Thoughts on PWM chips

A large number of SSTC circuits seem to use some expensive PWM IC (pulse-width modulator IC) like L494, LM3524, or UC3846, whereas a driver running at a precise 50% duty cycle would be optimal for SSTC use. PWM ICs usually add a minimum dead time to the output pulses, so the duty cycle is less than 45% - of course this will work too, but it will slightly increase transistor switching losses.
As another note, the pulse width modulation function is not often used in SSTCs, except as a very versatile low-freq <1kHz interrupter signal generator ("staccato controller"). The second most common use is to modulate the streamers with audio input and generate a "plasma loudspeaker". As PWM is quite harsh on the transistor switches (hard switching), a better way of modulating is to run at a constant 50% duty cycle and vary the driver frequency, e.g. wobbling or detuning according to the audio input voltage. This smoothly modulates the powerdraw, directly and instantly, instead of chopping a "constant-high-power" input to average-out to a lower power draw.

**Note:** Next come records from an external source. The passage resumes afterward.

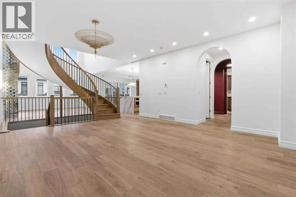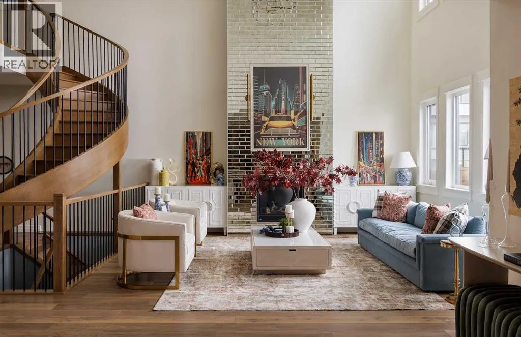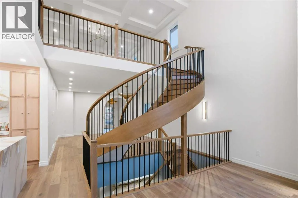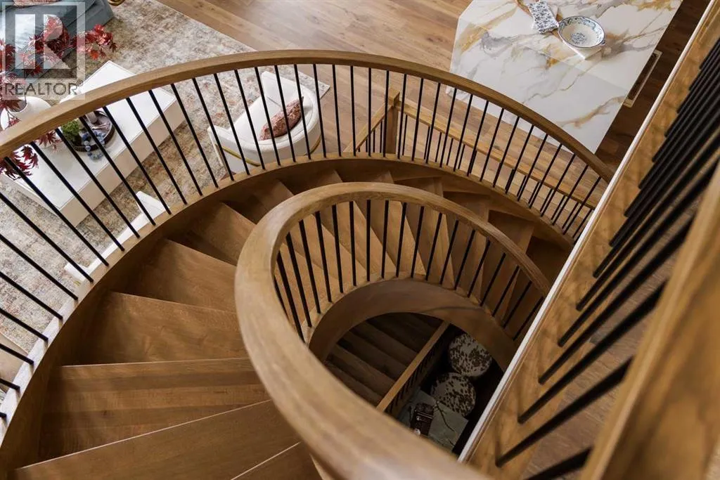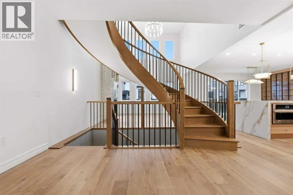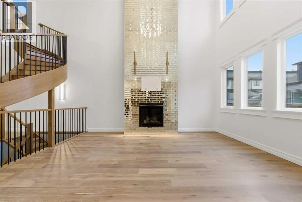 Welcome to an exceptional luxury residence in the prestigious community of Upper Greenwich, highlighted by a breathtaking custom spiral staircase that serves as a true architectural centerpieceâan unforgettable first impression that sets the tone for the entire home.This custom-built two-storey offers over 4,500 sq ft of meticulously crafted living space, blending refined design with everyday functionality. Soaring ceilings, expansive windows, and a seamless open-concept layout create an atmosphere of elegance and ease, perfect for both grand entertaining and comfortable family living.At the heart of the home, the gourmet chefâs kitchen is a showpiece, featuring premium appliances, an oversized island, and a fully equipped spice kitchenâideal for effortless hosting. The main floor living area is anchored by a striking fireplace and flows seamlessly into the dining space and outdoor living area. A private office and thoughtfully designed mudroom add versatility and convenience.Upstairs, the luxurious primary retreat offers a serene escape with a spa-inspired ensuite, complete with a deep soaker tub, oversized glass shower, and a spacious walk-in closet. Additional bedrooms are generously sized, each with access to beautifully appointed bathrooms.The fully developed basement expands your living space with a large recreation area, wet bar, fitness room, and guest accommodationsâperfect for entertaining or multi-generational living.Situated on a premium lot, this home also features a triple attached garage and is just minutes from parks, pathways, shopping, and top-tier amenities. A rare opportunity to own a truly distinguished home in one of Calgaryâs most sought-after emerging communities. (id:27476)
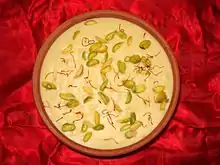 The saffron-mixed buttermilk (lassi) of Amritsar; milk boiled with almonds, pistachio, and dry-dates in winter; and the same mix boiled into a thick liquid and then solidified in a banana-shaped mould in the form of a kulfi are desserts. Panjiri, whole wheat flour fried in sugar and ghee, heavily laced with dry-fruits and herbal gums is in eaten in the winters to ward off cold.
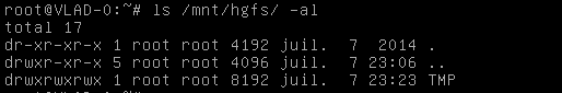 Une fois le partage terminé, on se rendra sur notre machine virtuelle. Par défaut, les partages sont déjà montés dans "/mnt/hgfs" :
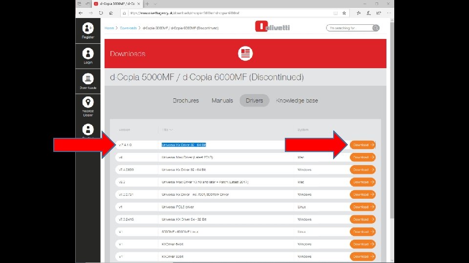 Cliccare su «Sfoglia…» Sfoglia e indirizzare l’installazione da disco sulla sottocartella 64 bit della sottocartella KXDriver della cartella Kx 74_UPD_Olivetti contenente il driver della stampante precedentemente estratta dal file archivio (es: C: Users[NOME UTENTE]DownloadsKx 74_UPD_OlivettiKXDriver64 bit; UTENTE]DownloadsKx 74_UPD_OlivettiKXDriver64 bit cart. estr. C: UsersAdministratorDownloadsKx 74_UPD_Olivetti) UsersAdministratorDownloadsKx 74_UPD_Olivetti
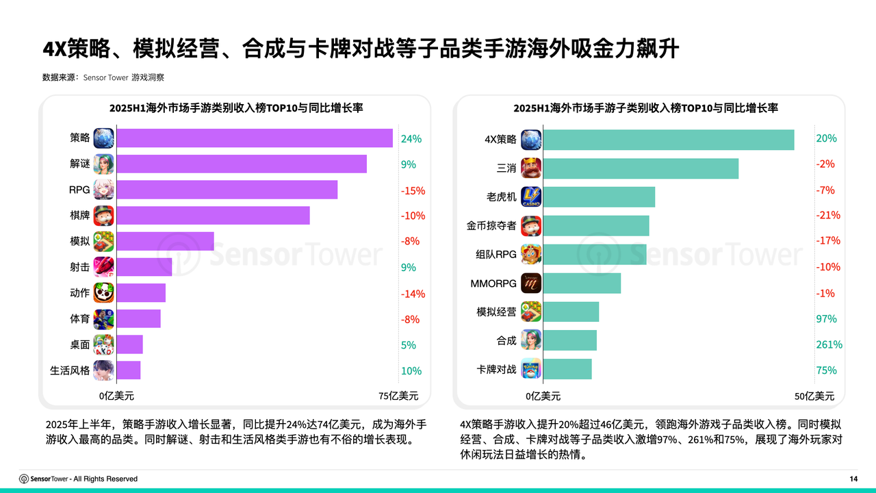 2025年上半年,策略手游收入增长显著,同比提升24%达74亿美元,成为海外手游收入最高的品类。
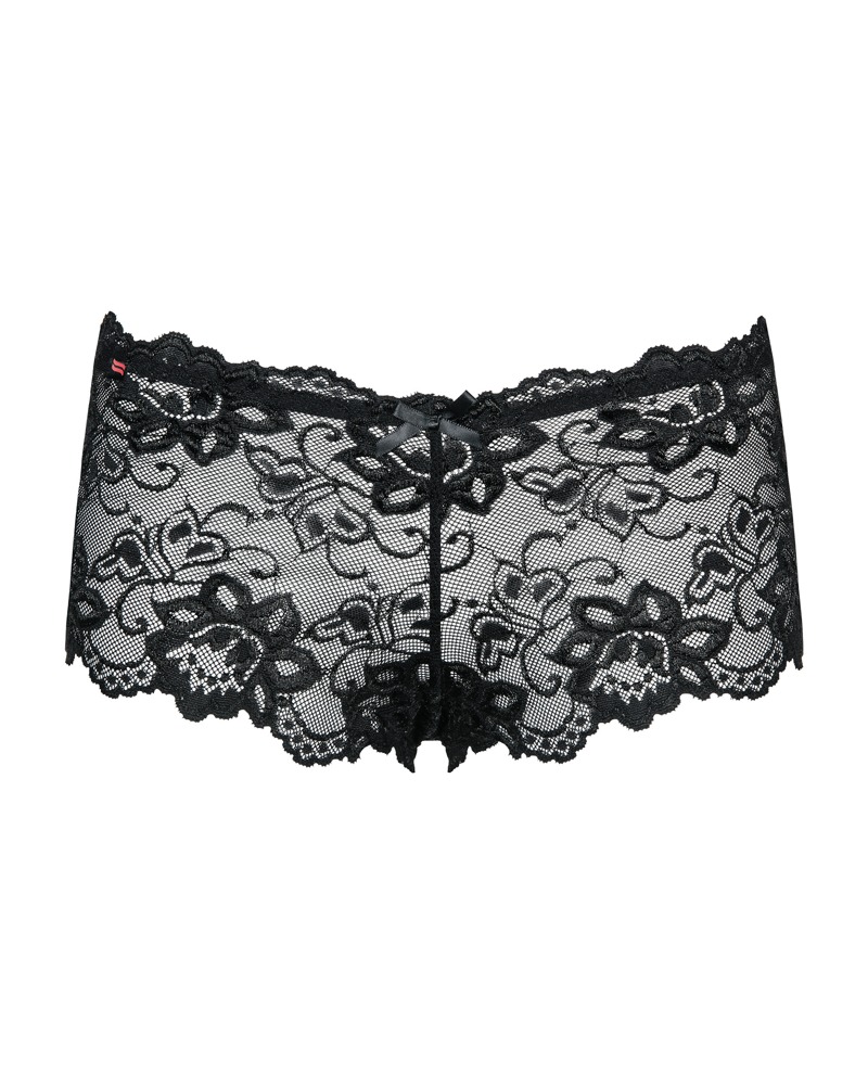 Unbelievably tempting, lace shorties! subtle shorties fully made out of elastic lace floral motif adds plenty of charm! frivolous bow at the front encourages to play elastic fabric perfectly fits to the body (90% polyamide, 10% spandex)
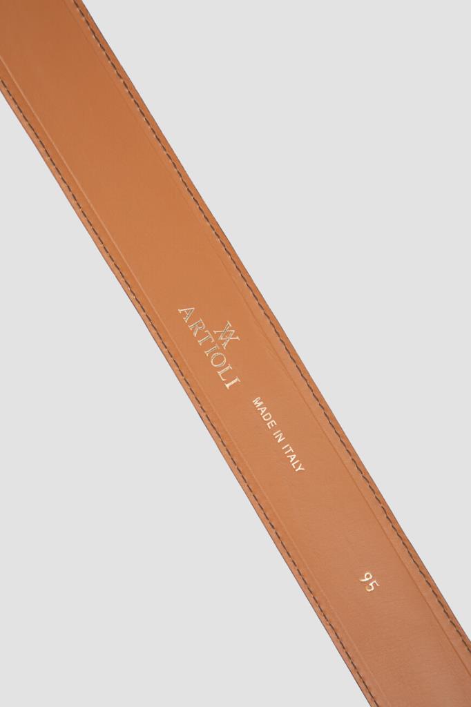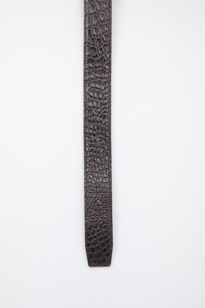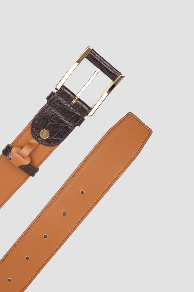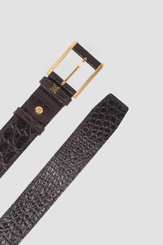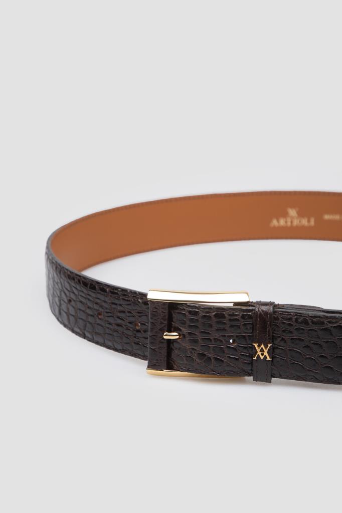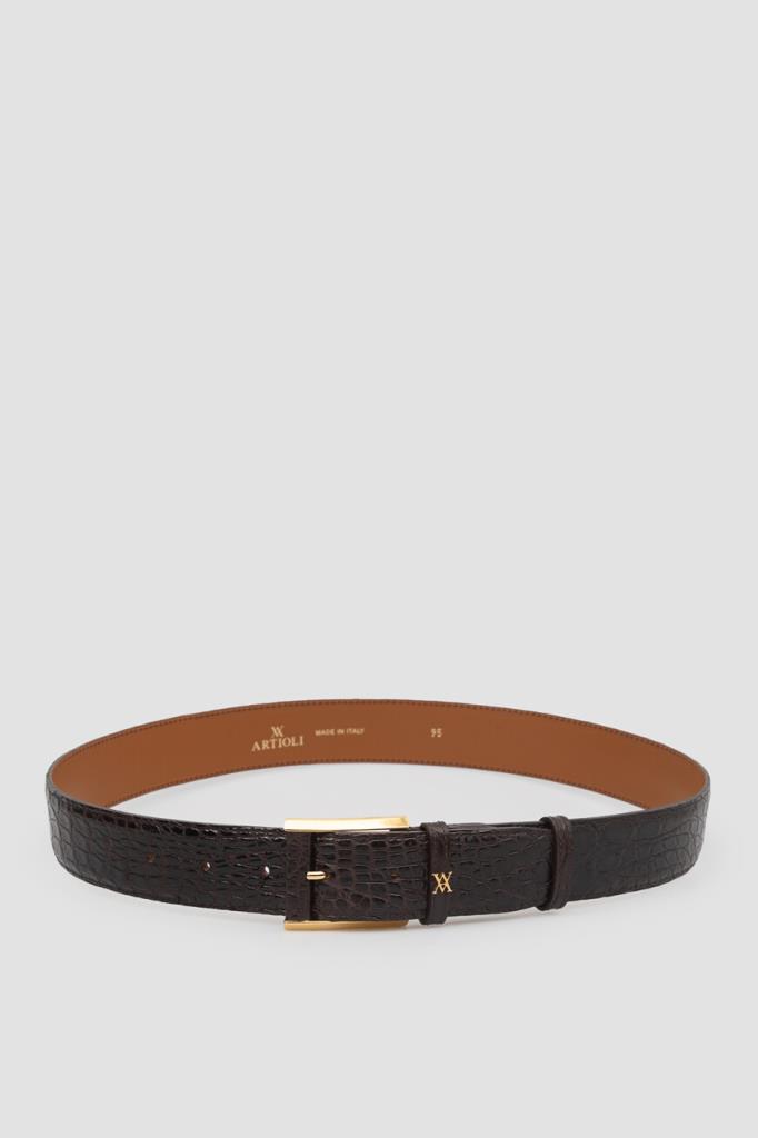 Ремень Artioli из фактурной кожи крокодила сделает любой образ более статусным. Аксессуар с естественным чешуйчатым рисунком окрашен в благородный тёмно-коричневый оттенок и дополнен двумя подвижными тренчиками. Чтобы не перегружать дизайн, прямоугольную пряжку сделали максимально лаконичной, а принадлежность бренду подчеркнули лого-монограммами из золотистого металла.

Simple, basic pulse generators

A simple NE555 timer or preferrably the faster cmos versions like TLC555 work quite well to replace these expensive PWM ICs.

Another alternative is the inexpensive and well available CD4046. It is a simple digital phase locked loop IC, and has a voltage controlled oscillator (VCO) on board. The oscillator generates a precision 50% duty cycle signal at all frequencies. The frequency can be adjusted with the VCO input voltage.

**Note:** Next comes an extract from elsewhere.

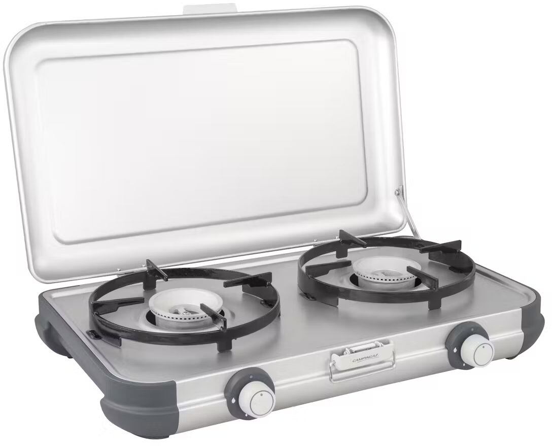 Lehký a kompaktní dvojvařič na cestyCampingaz Camping Kitchen 2 Maxi je ideální přenosný kempingový vařič pro kratší cesty do přírody i pro delší pobyt v kempu.Lehký a snadno přenosný vařič se dvěma hořáky s kompaktním designem a zabudovanými držadly pro přenášení umožňuje úsporné skladování v autě nebo obytném voze. Vařič má také žáruvzdorné držáky na hrnce ze smaltované oceli, které slouží také jako ochrana proti větru. Držáky hrnců lze snadno vyjmout pro rychlé čištění.Cestovní vařič Camping Kitchen™ 2 Maxi má dva nezávislé hořáky, které umožňují individuální regulaci tepla. Díky podpěrám na pánve o průměru 28 cm můžete používat i větší nádobí pro přípravu jídla. Inovativní technologie hořáků Flameguard™ zaručuje optimální ochranu plamene i ve větrném počasí.Klíčové vlastnosti sporáku Campingaz Camping Kitchen™ 2 Maxi:Velká varná deska pro hrnce a pánve do ø 28 cm.Flameguard™ pro optimální ochranu plamene ve větru.Samostatné piezoelektrické zapalování.Vařič lze uzavřít pro skladování a přepravu.Mimořádně odolný lak varné desky a větrné zábrany.Vhodný i pro vysoké teploty.Snadné čištění díky odnímatelné odkapávací misce a větrné cloně.Camping Kitchen 2Parametry:zdroj paliva: lahve R 907, R 904spotřeba plynu: 260 g/hvýkon: 3600 Wbarva: stříbrná, černápočet hořáků: 2materiál: ocelrozměry (Š x V x H): 53 cm x 39,8 cm x 38,8 cmvelikost balení: 53 x 36 x 11 cmhmotnost: 4.4 kg
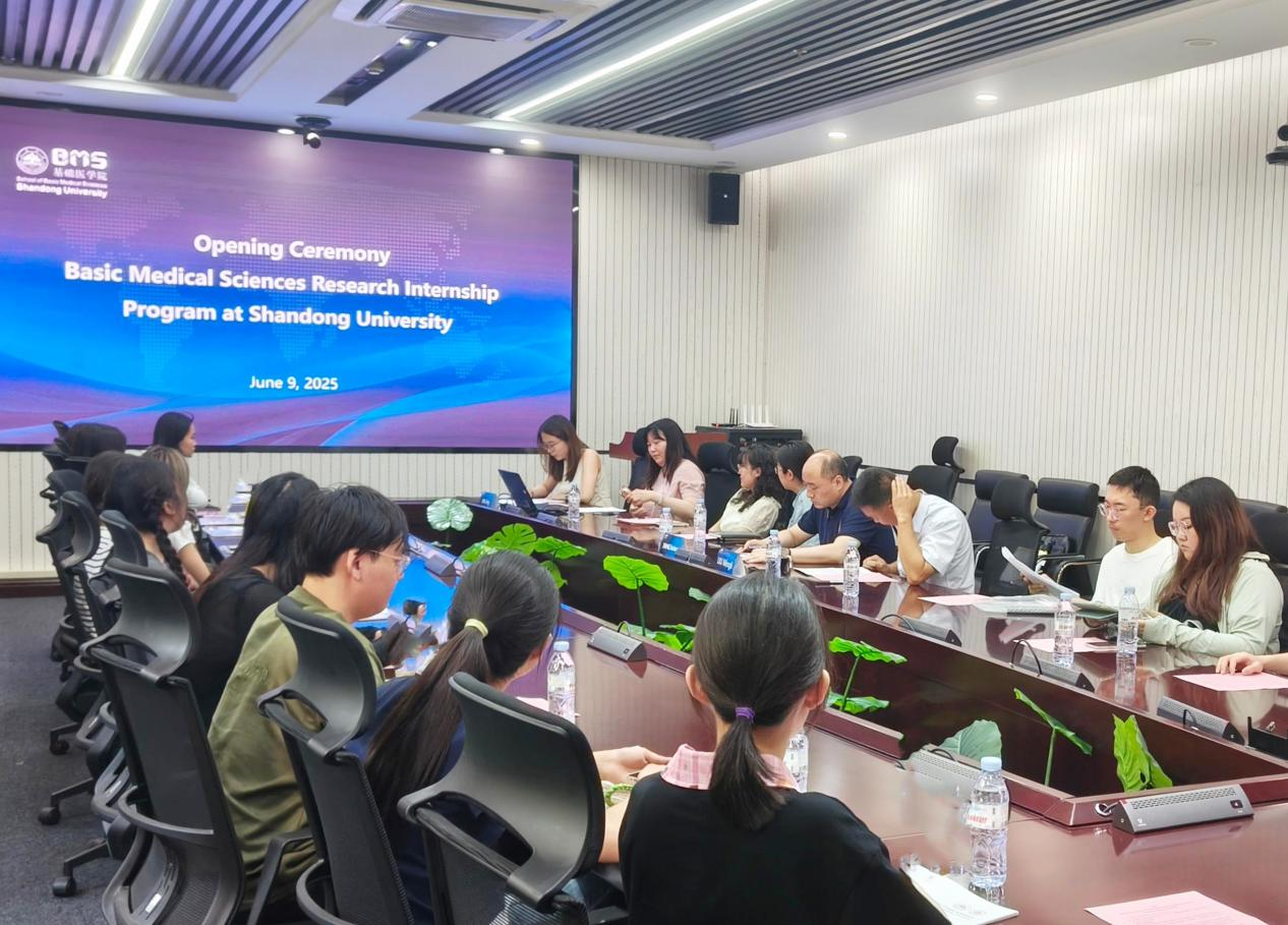 6月9日,山东大学基础医学院实验室实习项目开班仪式在趵突泉校区5111会议室举行。齐鲁医学院科研与国际交流办公室副主任汤煜春、基础医学院国际合作与交流办公室主任刘明利出席仪式。来自加拿大多伦多大学的9名本科生及各实验室代表参加仪式。

Even a ring buffer oscillator or a simple schmitt-trigger oscillator will work, as long as the frequency is adjustable with a potentiometer or by other means (t.ex. a microcontroller and external DAC).

Microcontroller output clock generators like the one in AT89C52 or some PICs and AVRs are not so good. They do give a constant 50% duty cycle, but the frequency is only adjustable in crude steps, and the step size grows linearly when moving from low to high frequencies. Usually
outFreq ~= clockFreq / (65536-counterValue)

A SSTC can also be run without any fixed pulse/frequency generator. Just take a feedback signal from the secondary coil (base current probe, antenna). Add some weak noise to the feedback signal. Overamplify (ultrafast analog comparator etc) the result such that it clips into a square wave - the drive signal for the SSTC. The TC secondary sort of acts as its own drive frequency generator, and the system is always instantly in-tune.